Markets back Dimon not Kashkari on too-big-to-fail

Jamie Dimon, chairman and chief executive of JP Morgan Chase and Co, speaks at the 2012 Simon Graduate School of Business' New York City Conference in New York, May 3, 2012.Keith Bedford

LONDON (Reuters Breakingviews) - Two top bankers can’t agree on whether lenders are too big to fail. JPMorgan boss Jamie Dimon reckons the problem is solved. Fed banker Neel Kashkari disagrees, because using debt to absorb losses is flawed. Markets suggest Dimon is closer to the mark.

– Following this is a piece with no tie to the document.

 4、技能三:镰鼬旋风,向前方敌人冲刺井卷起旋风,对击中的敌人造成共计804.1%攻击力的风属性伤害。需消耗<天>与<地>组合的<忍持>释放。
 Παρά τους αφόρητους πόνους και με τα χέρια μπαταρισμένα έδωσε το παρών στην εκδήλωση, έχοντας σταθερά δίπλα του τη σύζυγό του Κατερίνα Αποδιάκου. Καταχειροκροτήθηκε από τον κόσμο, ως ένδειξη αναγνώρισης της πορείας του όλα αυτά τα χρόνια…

Dimon argues that banks will not need rescuing again because they have enough reserves and capital to be wound down. Minneapolis Federal Reserve President Kashkari reckons regulators won’t dare use so-called bail-inable debt anyway.

Kashkari has reasons to doubt. The insolvency of Lehman Brothers sent shockwaves through money and credit markets. That forced governments to rescue other lenders. He is right that using debt to fund resolutions could amplify shocks, as it is marked down.

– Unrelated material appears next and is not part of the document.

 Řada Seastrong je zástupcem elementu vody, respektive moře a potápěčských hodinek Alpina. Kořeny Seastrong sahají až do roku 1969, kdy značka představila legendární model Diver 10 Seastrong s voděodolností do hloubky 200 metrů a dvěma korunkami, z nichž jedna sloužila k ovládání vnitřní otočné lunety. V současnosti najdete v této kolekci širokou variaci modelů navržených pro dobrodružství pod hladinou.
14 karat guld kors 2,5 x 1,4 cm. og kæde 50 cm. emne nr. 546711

Yet there are reasons to hope that Lehman-style contagion should be reduced. Banks are now carving out specific tranches of debt, or issuing it from separate companies to prevent resolution destabilizing their main business. Regulations deter them from owning each other’s bail-inable securities.

Banks are also better capitalized. In the 2008-09 crisis, average losses and recapitalization costs were between 6 percent and 15 percent of risk-weighted assets, according to the Financial Stability Board. In that scenario common equity would be toast, but bail-inable debt would face modest losses.

The market gives regulators some credit. U.S. banks’ credit default swaps are not baking-in a much higher chance of the government stepping in than they are for ordinary companies. The 10-year credit default swap spread on six large U.S. banks is around 110 basis points, in line with spreads on corporate company debt.

Meanwhile, investors are receiving a premium for debt that is expected to take losses in a bail-in versus that which isn’t, charging banks for the support governments once volunteered. In Europe, the spread between senior debt eligible and ineligible to be hit is about 50 basis points for Santander. Bank of America’s holding-company debt pays a premium of about 30 basis points to its bank securities. Estimates for the historic subsidy for too-big-to-fail banks range from 25 basis points to 80 basis points, according to the Bank of England.

Dimon might still be wrong. Banks haven’t yet issued enough debt. In extreme cases, losses have exceeded bail-inable reserves. Cross-border banks may prove harder to resolve if authorities squabble over losses. Yet bond investors suggest regulators cannot be relied on to wimp out.